On 30/04/12 15:50, Barry Warsaw wrote:
> On Apr 30, 2012, at 12:08 PM, Simon McVittie wrote:
>> I think it would still be clearer to say
>> /usr/share/package-name/module.py, /usr/lib/package-name/module.so,
>> assuming the library-user code involves "import module"?
> 
> Debian "package-name" or Python "package-name"? :)

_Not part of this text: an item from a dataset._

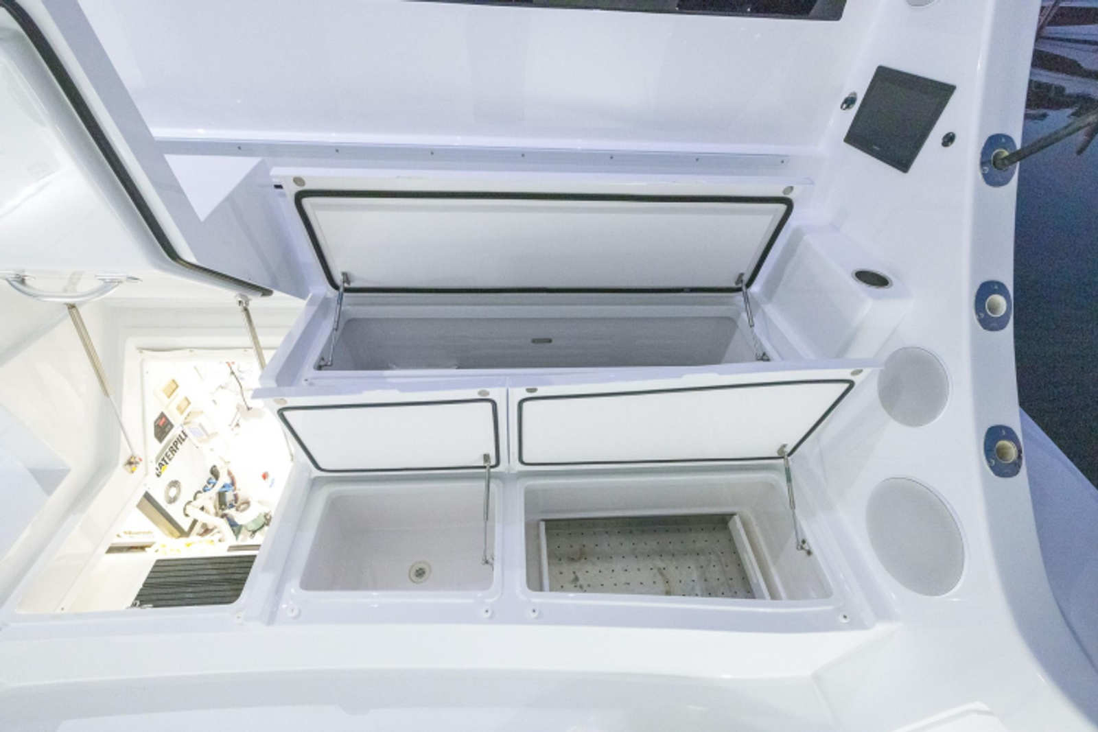 - Two large in-deck fishboxes with macerator pumps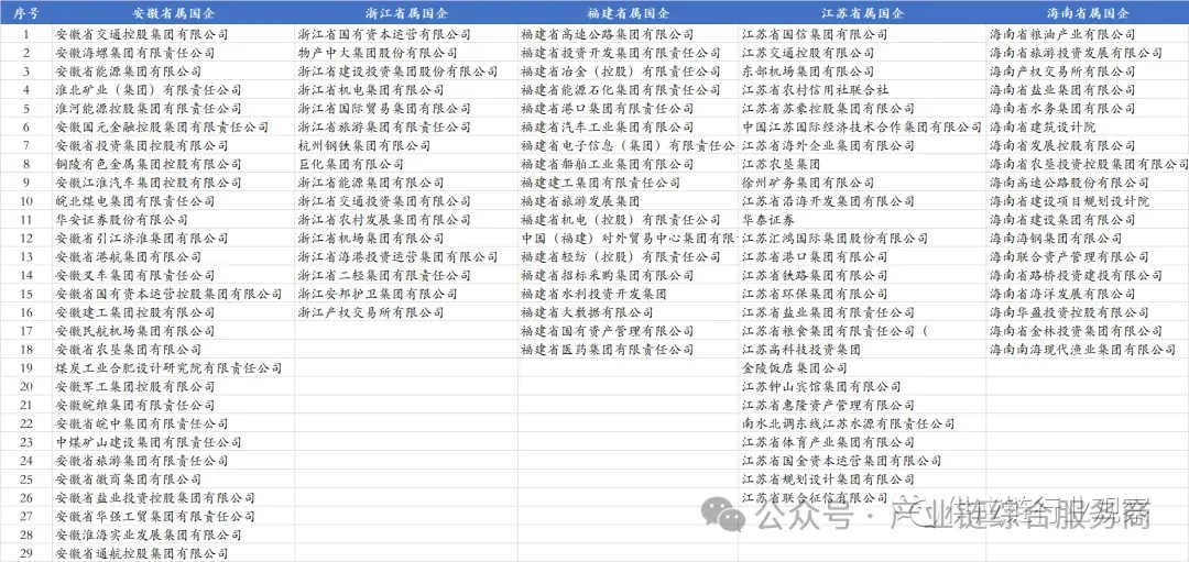东南一徽包浙江、福建、江苏、海南、安徽等5省,共107家省属国企,其中安徽省29家、江苏省26家、浙江16家、福建18家、海南18家。

I meant package-name to be a Debian package name (this terminology
collision is really unfortunate).

>> (Or invent an example like Debian package foo containing Python module
>> foolib, which would lead to something like /usr/share/foo/foolib.py,
>> /usr/lib/foo/foolib.so or /usr/share/foo/foolib/__init__.py, or use a
>> real example like virt-manager or guake)
> 
> +1, although the Debian package would be python-foo (or python3-foo) for a
> Python package named foo.

python[3]-foo is the correct name for a Debian package that lets you
"import foo" - but if we were talking about that, it should be a public
Python package. This thread is about private Python packages, where you
can't or shouldn't "import foo" from code outside the (Debian) package,
or a small set of cooperating packages (e.g. an application and its
plugins).

I hope you're not arguing that virt-manager, the Gtk tool for managing
virtual machines, ought to be called python-virtmanager, just because it
happens to be implemented in Python and contain a private Python package
(off the default sys.path) called virtManager?